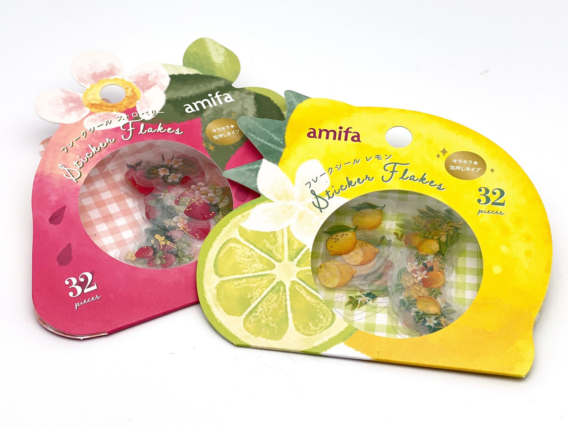Erdbeeren und Zitrone Folien- Sticker / Aufkleber je 40 Stück
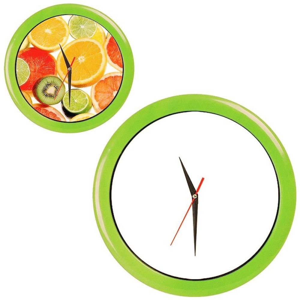 Pantone 368 C. Часы настенные с кварцевым механизмом, работают от 1 батарейки АА. Предназначены для вставки циферблата с печатью по индивидуальному дизайну Комплектация: 1) корпус с часовым механизмом, 2) минеральное стекло, 3) ободок, 4) стрелки - 3 шт. (часовая и минутная стрелки - черного цвета, секундная - красного цвета). Для удобства вставки циферблата с печатью по индивидуальному дизайну, стрелки часов не зафиксированы и поставляются в отдельном пакетике) 5) Муляж циферблата (диаметр 235 мм) Для вставки используется мелованная бумага матовая 300 гр.
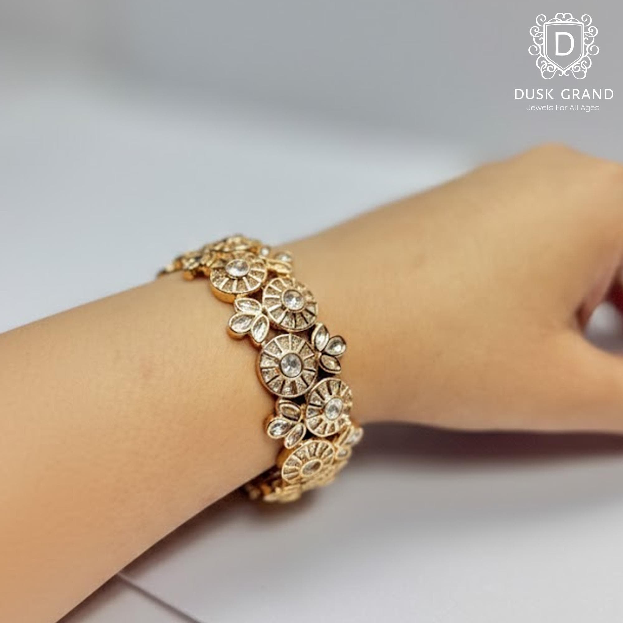 Crafted in a rich gold-tone finish, the bracelet features an adjustable openable screw clasp, making it comfortable and easy to wear. The classic polki design makes it perfect for weddings, festive occasions, parties, and cultural celebrations, while also pairing beautifully with both ethnic and fusion outfits.

# # # # #

■ **Your instructions**: Return the material exactly as given, apart from the pictures.

■ **Task response**:
Erdbeeren und Zitrone Folien- Sticker / Aufkleber je 40 Stück
 Pantone 368 C. Часы настенные с кварцевым механизмом, работают от 1 батарейки АА. Предназначены для вставки циферблата с печатью по индивидуальному дизайну Комплектация: 1) корпус с часовым механизмом, 2) минеральное стекло, 3) ободок, 4) стрелки - 3 шт. (часовая и минутная стрелки - черного цвета, секундная - красного цвета). Для удобства вставки циферблата с печатью по индивидуальному дизайну, стрелки часов не зафиксированы и поставляются в отдельном пакетике) 5) Муляж циферблата (диаметр 235 мм) Для вставки используется мелованная бумага матовая 300 гр.
 Crafted in a rich gold-tone finish, the bracelet features an adjustable openable screw clasp, making it comfortable and easy to wear. The classic polki design makes it perfect for weddings, festive occasions, parties, and cultural celebrations, while also pairing beautifully with both ethnic and fusion outfits.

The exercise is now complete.